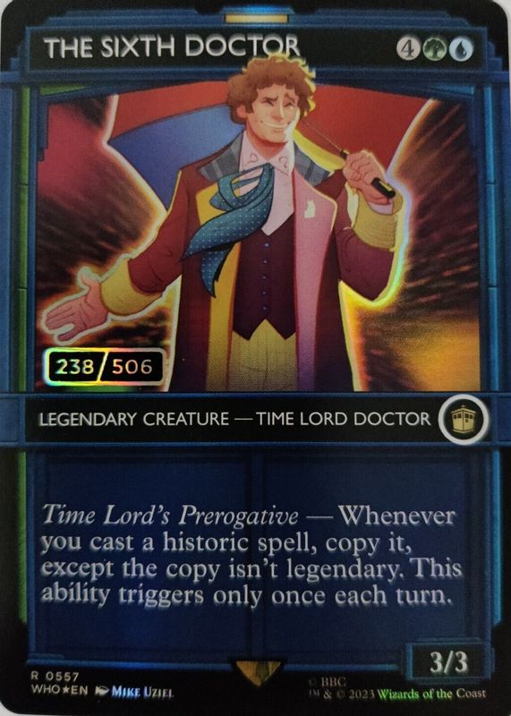 The Sixth Doctor's Magic: The Gathering cards are available in at least 1 sets. The Sixth Doctor's biggest 7-day price movers are 2023 Universes Beyond: Doctor Who #0557 Serial Numbered (/506).
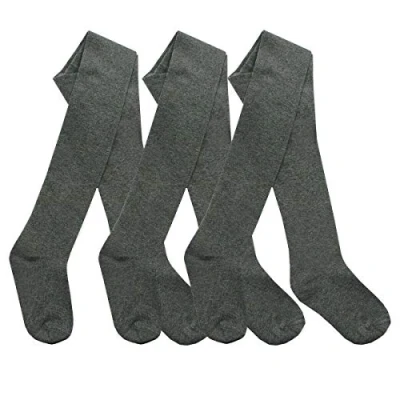 Style It Up Girls Plain Tights Back to School Warm Cotton Rich Soft Children 2 13 Years Multipack (3 Pack, Grey, Years)
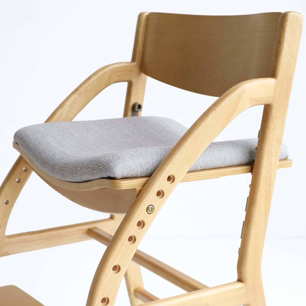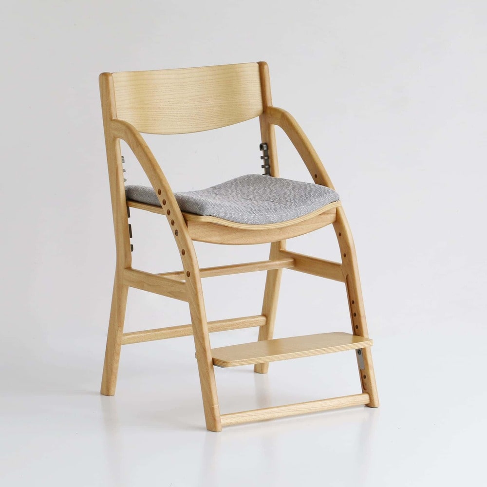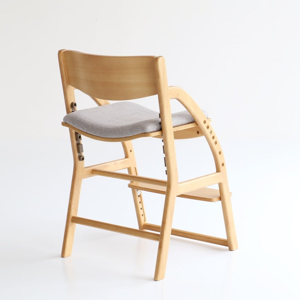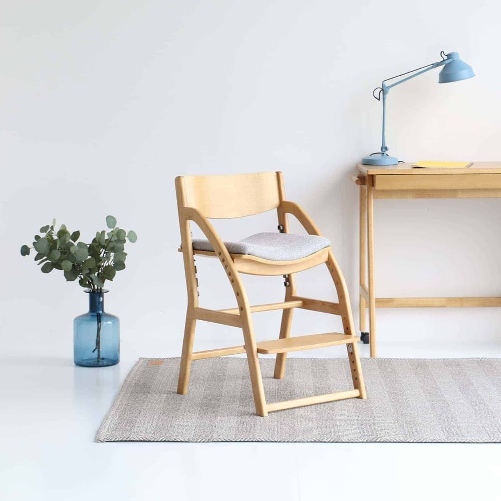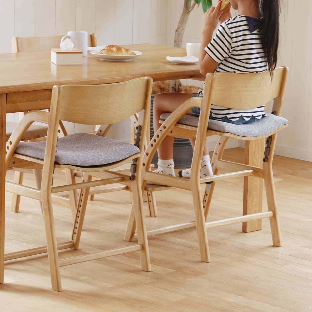 7段階の高さ調整ができて 正しい姿勢を保てるダイニング学習椅子です。 1200人の子どもの体型調査を行い、どの身長でもほとんど 全ての子どもの体型に合う寸法に設計された学習椅子です。
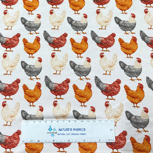 Chickens on Cream Bamboo Stretch French Terry Fabric
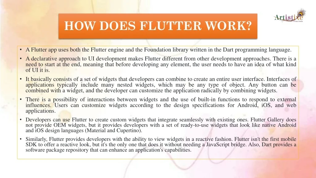 HOW DOES FLUTTER WORK? • A Flutter app uses both the Flutter engine and the Foundation library written in the Dart programming language. • A declarative approach to UI development makes Flutter different from other development approaches. There is a need to start at the end, meaning that before developing any element, the user needs to have an idea of what kind of UI it is. • It basically consists of a set of widgets that developers can combine to create an entire user interface. Interfaces of applications typically include many nested widgets, which may be any type of object. Any button can be combined with a widget, and the developer can customize the application radically by combining widgets. • There is a possibility of interactions between widgets and the use of built-in functions to respond to external influences. Users can customize widgets according to the design specifications for Android, iOS, and web applications. • Developers can use Flutter to create custom widgets that integrate seamlessly with existing ones. Flutter Gallery does not provide OEM widgets, but it provides developers with a set of ready-to-use widgets that look like native Android and iOS design languages (Material and Cupertino). • Similarly, Flutter provides developers with the ability to view widgets in a reactive fashion. Flutter isn't the first mobile SDK to offer a reactive look, but it's the only one that does it without needing a JavaScript bridge. Also, Dart provides a software package repository that can enhance an application's capabilities.

────────

▸ **Task brief**
Would you please transcribe the listing in full, exactly, while omitting the images?

▸ **Response to the exercise**
 The Sixth Doctor's Magic: The Gathering cards are available in at least 1 sets. The Sixth Doctor's biggest 7-day price movers are 2023 Universes Beyond: Doctor Who #0557 Serial Numbered (/506).
 Style It Up Girls Plain Tights Back to School Warm Cotton Rich Soft Children 2 13 Years Multipack (3 Pack, Grey, Years)
 7段階の高さ調整ができて 正しい姿勢を保てるダイニング学習椅子です。 1200人の子どもの体型調査を行い、どの身長でもほとんど 全ての子どもの体型に合う寸法に設計された学習椅子です。
 Chickens on Cream Bamboo Stretch French Terry Fabric
 HOW DOES FLUTTER WORK? • A Flutter app uses both the Flutter engine and the Foundation library written in the Dart programming language. • A declarative approach to UI development makes Flutter different from other development approaches. There is a need to start at the end, meaning that before developing any element, the user needs to have an idea of what kind of UI it is. • It basically consists of a set of widgets that developers can combine to create an entire user interface. Interfaces of applications typically include many nested widgets, which may be any type of object. Any button can be combined with a widget, and the developer can customize the application radically by combining widgets. • There is a possibility of interactions between widgets and the use of built-in functions to respond to external influences. Users can customize widgets according to the design specifications for Android, iOS, and web applications. • Developers can use Flutter to create custom widgets that integrate seamlessly with existing ones. Flutter Gallery does not provide OEM widgets, but it provides developers with a set of ready-to-use widgets that look like native Android and iOS design languages (Material and Cupertino). • Similarly, Flutter provides developers with the ability to view widgets in a reactive fashion. Flutter isn't the first mobile SDK to offer a reactive look, but it's the only one that does it without needing a JavaScript bridge. Also, Dart provides a software package repository that can enhance an application's capabilities.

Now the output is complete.